After a new medicine is registered, the pharmaceutical company negotiates its price with the Government. In Ireland, the process takes three months; in France, Italy and Spain, it takes more than a year.

Only recently, Servier says, has the French government realised the importance of investing more in research and helping rather than hindering its pharmaceutical industry, the biggest in Europe.

Pharmaceuticals are a slow industry that is forced to work fast. "We apply for a patent the day we discover a molecule," Servier explains.

"It then takes 12 years to develop the product, which leaves only eight years of exclusive rights until the patent runs out and we are into price competition. One year out of eight is a huge amount of time to lose."

He says his decision, half a century ago, to turn Servier into a foundation, is the way of the future.

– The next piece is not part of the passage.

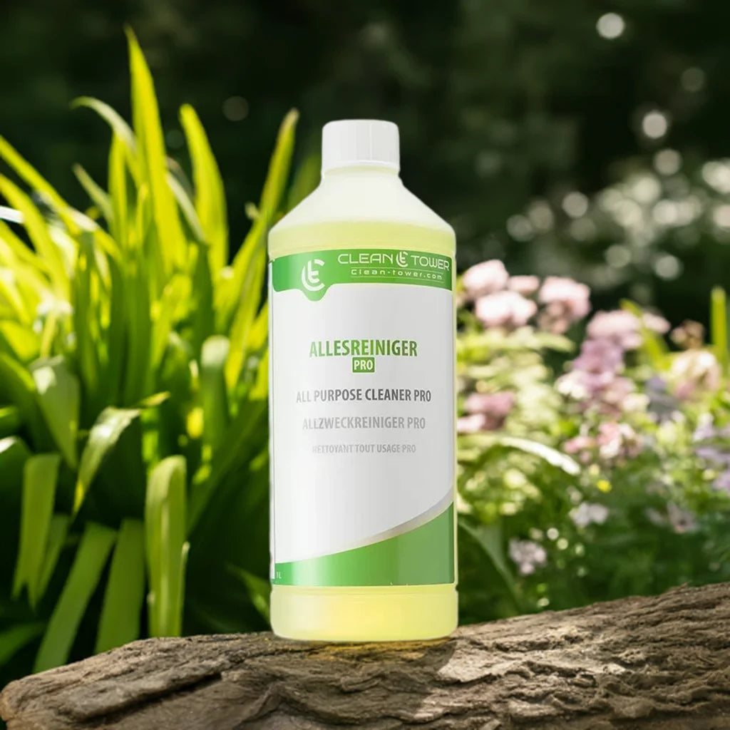 \nAllesreiniger Pro ist ein leistungsstarker, vielseitiger Reiniger, der für jede Oberfläche geeignet ist. Ob verschmutzte Außenwände oder Fensterrahmen mit hartnäckigen Flecken – Allesreiniger Pro sorgt dafür, dass alles wieder strahlend sauber wird. Mit diesem Produkt sieht alles wieder wie neu aus. Verwenden Sie ihn in Kombination mit dem Seifenspender, um die perfekte Menge an Allesreiniger Pro zu dosieren.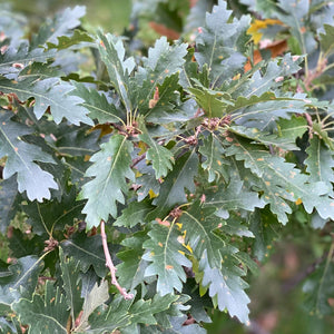 A handsome mid-sized deciduous oak with glossy ornately lobed leaves, which change to a buttery-yellow during autumn. Although known as the Turkey Oak, it is widespread throughout Asia Minor and southern Europe. Mature specimens develop a rounded crown, with lower lateral branches weeping with age. Tolerant of salt spray, it becomes a particularly useful windbreak for coastal areas. Medium growth rate.

"I was always alarmed at the difficulties encountered on the stock market by companies in slow professions like ours," he explains. "We have never had to pay dividends, so we can reinvest our profits in research.

"If you have pension funds as shareholders, you are under pressure to pay high dividends. This western financial system was fabulous, because it made it possible to build railroads, ports and cities. But it's outdated for industries with a long lead time."

Factfile

Name: Dr Jacques Servier

Position: Since 1954, founding president of Servier Research, the second largest pharmaceutical company in France.

Family: He is a widower with three daughters and seven grandchildren.

Background: He graduated from medical school in Paris in 1947. Now a worldwide group with 17,500 employees in 140 countries, Servier has a turnover of €3.2 billion and has been in Ireland since opening a plant in Arklow in 1989.

Interests: Gardening, reading non-fiction - the last book he read was Pierre Joannon's Histoire de l'Irlande et des Irlandais - and walking in Paris.

Why he is in the news: Minister of Enterprise, Trade and Employment Micheál Martin will today announce a major expansion by Servier in Ireland. The company will spend €70 million to double the capacity of its Arklow plant, which produces 15 medicines for cardiovascular disease, diabetes and depression.

Mr Martin's announcement will take place at the Belview site, a new industrial zone on the border between Kilkenny and Waterford, where Servier will build a €45 million plant. Dr Servier says it is "almost certain" the Belview plant will be further expanded for a total investment of €115 million.